Until recently, the antagonistic role of parakeets and parrots in general as seed predators has been emphasized in detriment of the recognition of other plant–parrot mutualisms [20,21,53]. In particular, the germination potential of partially eaten seeds has been rarely addressed [15,47,54,55], and, to our knowledge, partial seed predation has never been considered as a possible mechanism rescuing wild plant populations subjected to human exploitation. Thus, along the continuum antagonism–mutualism, partial seed consumption turns the outcome of the interaction towards a more positive result. In this context, our study suggests that conservation of the anthropogenic-threatened A. araucana forests could be favoured by Austral parakeet partial seed consumption, particularly, in the presence of human overharvesting. However, forest conservation in human-impacted areas cannot only rely on the feeding behaviour of an endemic parakeet. Fostering education and human behavioural change to reduce the number of illegal harvesters, particularly in protected areas, and enforcement of conservation laws are needed. Restoration initiatives are already taking place in Chile, where Mapuche communities are planting seeds and nursing seedlings [28]. Also, the study and monitoring of the sustainability of human collection merit special attention, to better predict its impact on Araucaria forests regeneration potential and to provide scientific means to regulate harvesting as it is suggested for other tree species in South America [26]. In any event, the interaction between A. araucana and parakeets we describe here could be a key element in developing a realistic conservation strategy focused on these emblematic forests.
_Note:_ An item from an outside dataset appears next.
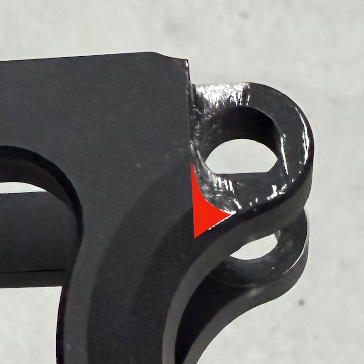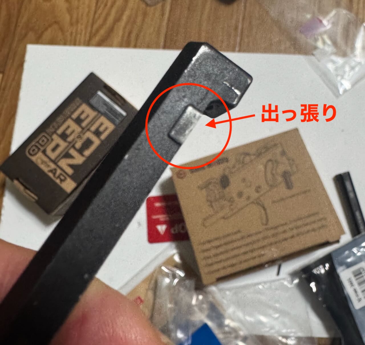 マガジンキャッチの問題は、マガジンを引っ掛ける出っ張り部分の位置が上へズレているんだろうということは容易に想像できる。取り外して純正パーツと比較してみるとやはりそうだった。

Human seed collection, a selection mechanism directed particularly towards perfect and intact items, is a widespread phenomenon [56,57], common even since prehistorical times [58]. In fact, escape from human harvesting could also occur in other regions of the world where wild seeds and fruits are collected by human inhabitants. Thus, partial seed consumption by wild frugivores when seeds retain germination potential, increase total SDE, and could favour ecosystems survival when subject to human intense harvesting. Both behaviours, partial seed damage by frugivorous species together with selection against predated fruits or seeds by humans, may enhance regeneration possibilities for many plant species worldwide, having relevance at a global scale beyond our study system.